INSTRUCTIONS FOR THE TASK |
Copy nothing but the lines below, from the one with "İzin talebi oluşturulduğunda" through the one with "Whether you opt", exactly as written; no pictures should appear.

────────────────────────────────────────

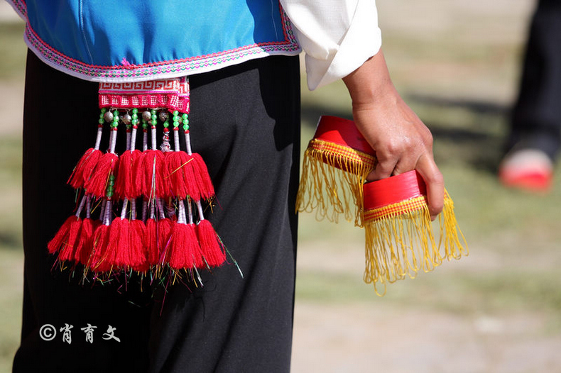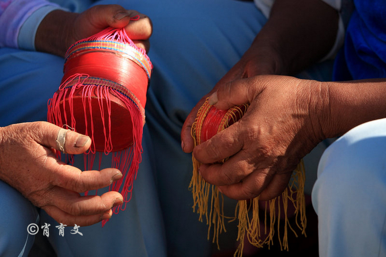 作为道具的烟盒,是彝族汉子抽竹水烟筒装烤烟丝的烟盒脱胎而来。在底部缀上各色丝绒装饰物,便成为一个完整的烟盒道具了。
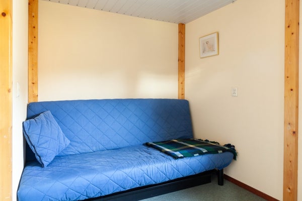 Hier bevinden zich twee slaapkamers en een tweede badkamer. De slaapkamer gelegen aan de achterzijde van de woning is ingericht als werkkamer met een slaapbank. De tweede badkamer heeft een inloopdouche, wastafel met meubel en toilet.
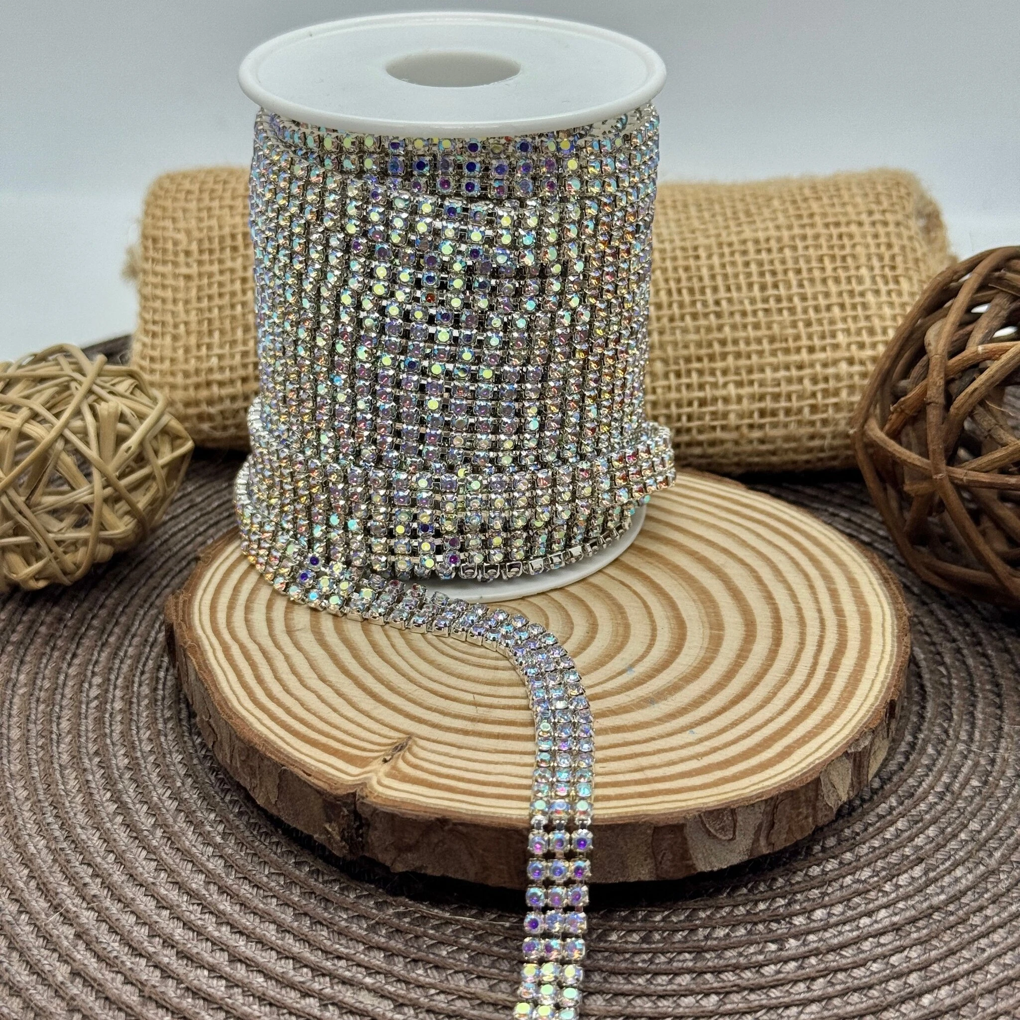 Цепи з каменями SS12, 3 ряди, 3 мм, 10 ярдів – декоративна металева стрічка з трьома рядами блискучих камінців діаметром 3 мм. Ідеально підходить для прикрашання одягу, аксесуарів та хендмейд виробів, створюючи яскравий і рівний блиск на будь-якій поверхні.
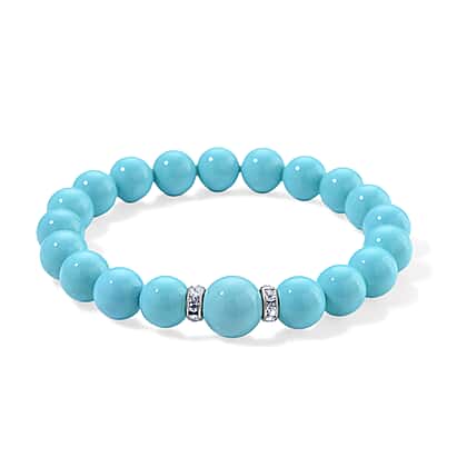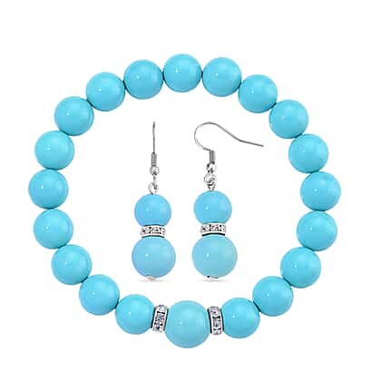 2 Piece Set - Sleeping Beauty Colour Shell Pearl & Austrian White Crystal Earring with Hook & Strechable Bracelet (Size - 7.5) 169.00 Ct.
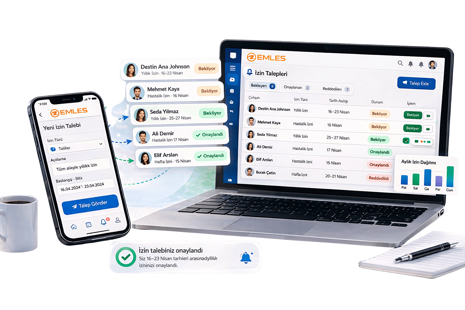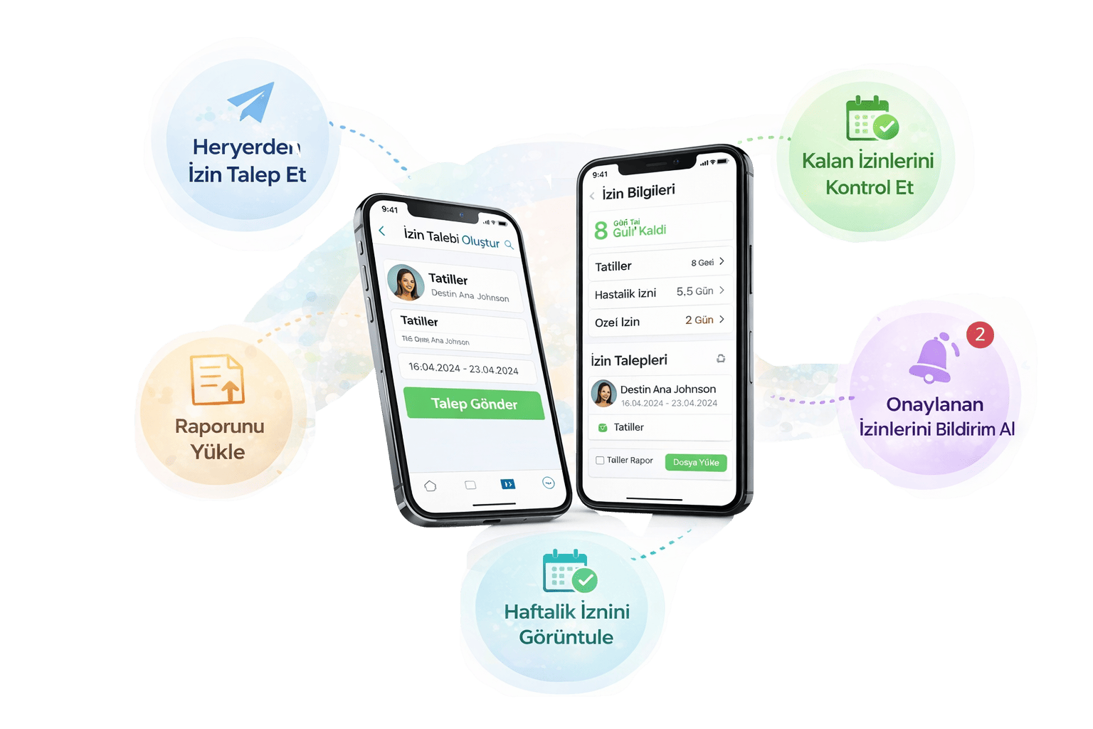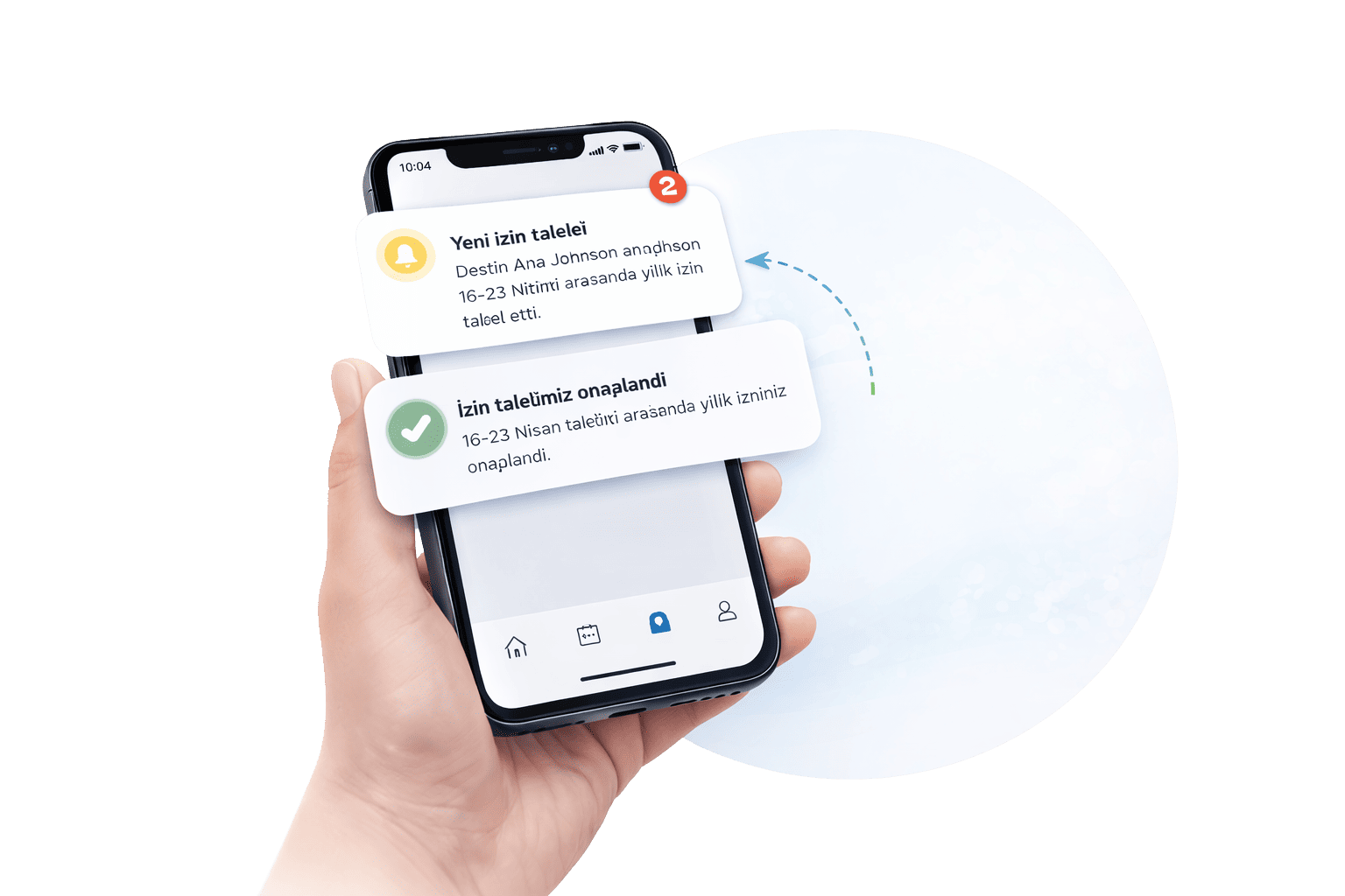 İzin talebi oluşturulduğunda ilgili yöneticilere anında bildirim gönderilir. Onay veya red işlemi tamamlandığında çalışan da süreç hakkında otomatik olarak bilgilendirilir. Böylece tüm taraflar izin sürecini anlık olarak takip edebilir.
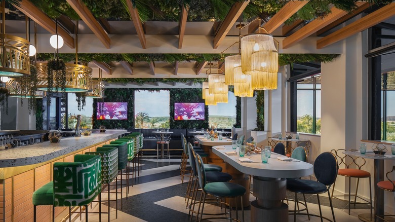 Whether you opt for exterior or interior seating, the boundary between inside and out seems to blur, thanks to expansive windows, sturdy wood beams, and the gentle embrace of surrounding greenery. Like other beautiful Orlando restaurants, you can also catch a fabulous sunset here, even if you won't see any theme park fireworks from here.
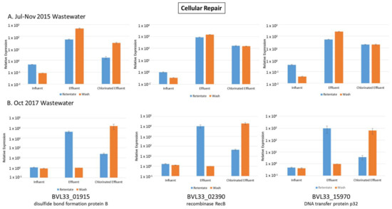 The largest category of genes upregulated in both effluents were involved in cellular repair (Table 1). Two of the most upregulated genes in this category are BVL33_14490 and BVL33_15970 which encode for a SPOR domain-containing protein and a DNA transfer protein, p32, respectively. These genes are highly upregulated in the retentate samples (329.6 and 250.5 times in the effluent retentate and 425.3 and 493 times in the chlorinated effluent, respectively). These genes were upregulated 2.13 and 2.56 times in the effluent wash and 3.8 and 21.17 times in the chlorinated effluent wash.

────────────────────────────────────────

SOLUTION BELOW |
 İzin talebi oluşturulduğunda ilgili yöneticilere anında bildirim gönderilir. Onay veya red işlemi tamamlandığında çalışan da süreç hakkında otomatik olarak bilgilendirilir. Böylece tüm taraflar izin sürecini anlık olarak takip edebilir.
 Whether you opt for exterior or interior seating, the boundary between inside and out seems to blur, thanks to expansive windows, sturdy wood beams, and the gentle embrace of surrounding greenery. Like other beautiful Orlando restaurants, you can also catch a fabulous sunset here, even if you won't see any theme park fireworks from here.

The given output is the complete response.